### Exercise goal
The result should be the listing below restated word for word, with images left out.

### Stored data

-- Opening Marker --

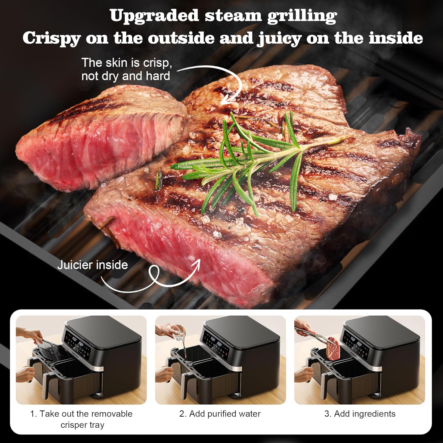 Healthy & Fast Cooking: High-power, oil-free technology cooks food evenly with up to 80% less fat than traditional frying. Wide temperature range from 160°F–400°F lets you dehydrate, sear, or crisp with precision.
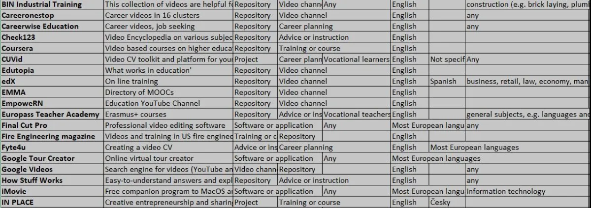 Tags Continuing professional development Video pedagogy Practice Areas Innovative teaching and learning On-line Directory of resources and good practice Helping practitioners to explore how video is being used in VET teacher training and teaching. This includes practice, exemplars, training, guidance and resources. Files Directory of Resources for Video Pedagogy 64 KB
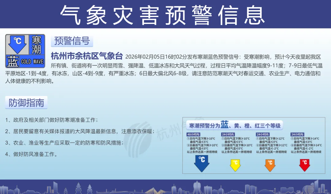 余杭区气象台2月5日15时发布的预报:今天傍晚阴有时有小雨,有霾,夜里到明天阴有中到大雨(雪),明天上午起山区转雨夹雪或雪,高山区有大到暴雪,下午起平原地区转雨夹雪或雪,后半夜雨雪渐止转阴;后天阴转多云。明天最低气温0度,山区-2到0度,明天最高气温9度。
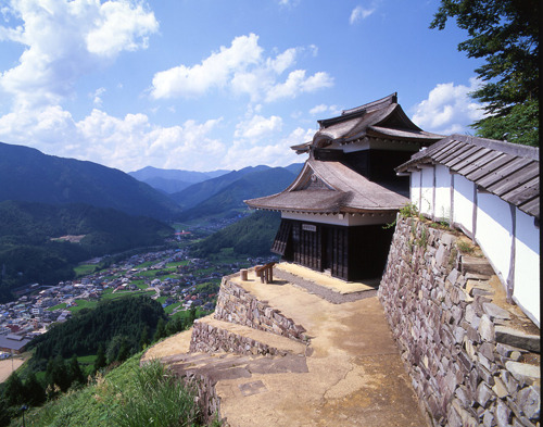 城山の山頂にあり、眼下に町並みをぐるっと見渡せます。山頂までは遊歩道があり城跡まで行ける。夜にはライトアップされ、幻想的な姿を見せます。

-- Closing Marker --

### Task output
 Healthy & Fast Cooking: High-power, oil-free technology cooks food evenly with up to 80% less fat than traditional frying. Wide temperature range from 160°F–400°F lets you dehydrate, sear, or crisp with precision.
 Tags Continuing professional development Video pedagogy Practice Areas Innovative teaching and learning On-line Directory of resources and good practice Helping practitioners to explore how video is being used in VET teacher training and teaching. This includes practice, exemplars, training, guidance and resources. Files Directory of Resources for Video Pedagogy 64 KB
 余杭区气象台2月5日15时发布的预报:今天傍晚阴有时有小雨,有霾,夜里到明天阴有中到大雨(雪),明天上午起山区转雨夹雪或雪,高山区有大到暴雪,下午起平原地区转雨夹雪或雪,后半夜雨雪渐止转阴;后天阴转多云。明天最低气温0度,山区-2到0度,明天最高气温9度。
 城山の山頂にあり、眼下に町並みをぐるっと見渡せます。山頂までは遊歩道があり城跡まで行ける。夜にはライトアップされ、幻想的な姿を見せます。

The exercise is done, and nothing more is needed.